R.I.P. HD DVD: Toshiba reportedly ends the war
We have a winner.
Well, that's it. Toshiba appears to be pulling the plug on HD DVD. Toshiba has not commented publicly, but a report on Japan's NHK says Toshiba has made the decision to withdraw from next generation high-definition DVD production.
This news certainly doesn't come as surprise to anyone remotely following HD DVD's format war with rival Blu-ray. HD DVD had suffered a string of defections, with Warner, Netflix, Best Buy, and Wal-Mart all recently pledging their alliance to Blu-ray.
The NHK report says existing HD DVD products will remain on the market for a while, but Toshiba will stop further development of HD DVD. The report also estimates that Toshiba will take a hit to the tune of "hundreds of millions of U.S. dollars" and will close factories in northern Japan.
Elsewhere this weekend, Sony and its Blu-ray buddies are going to make like VHS and party like it's 1989.
UPDATE: Reuters now points to an unnamed company source who says, yep, we're done. An official announcement from Toshiba could come next week.
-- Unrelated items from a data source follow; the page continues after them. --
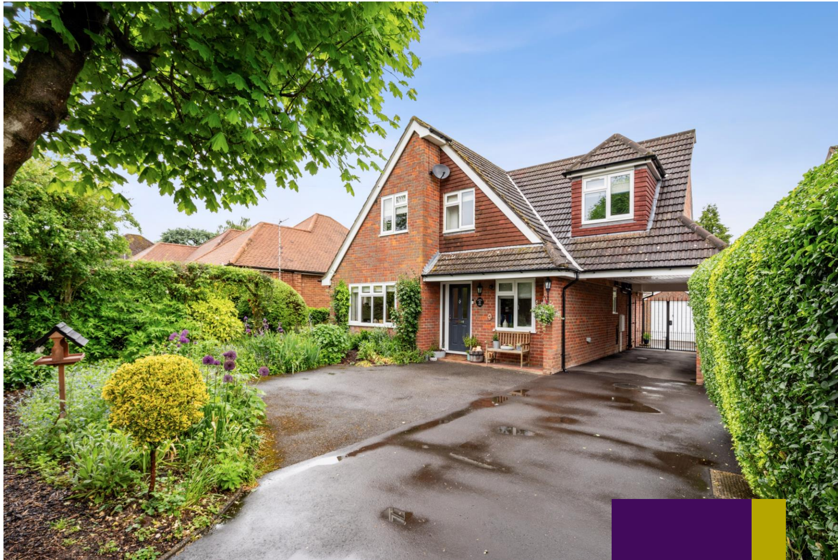
BOTTRELLS LANE, CHALFONT ST GILES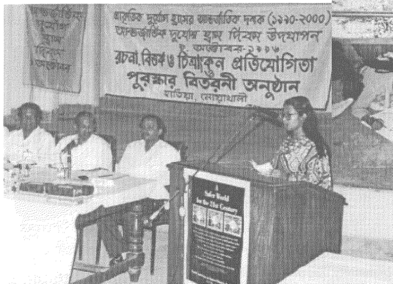
Hatiya, Bangladesh. School debate competition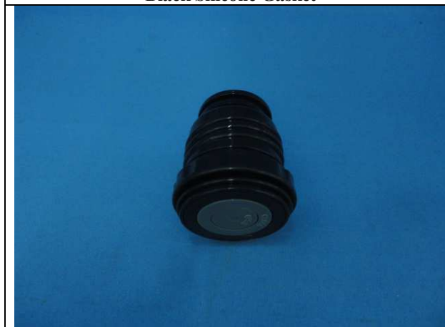
Black PP Lid & Gray ABS Button

- Unified format won the battle only to lose the war
- by webterractive February 16, 2008 6:38 PM PST
- Blu-ray wont the HD DVD battle because of the superior DRM. But Blu-ray sales are no match for DVD. DVD with the weak DRM (40bit) will win and in a year or so we'll see Blu-ray rest in peace. At the end consumers make the winner not companies or in this case studios. I like HD DVD but I'm not going Blu-ray its back to DVD for me. But on the bright side I will be able to own all the cool HD DVDs I want at a low price.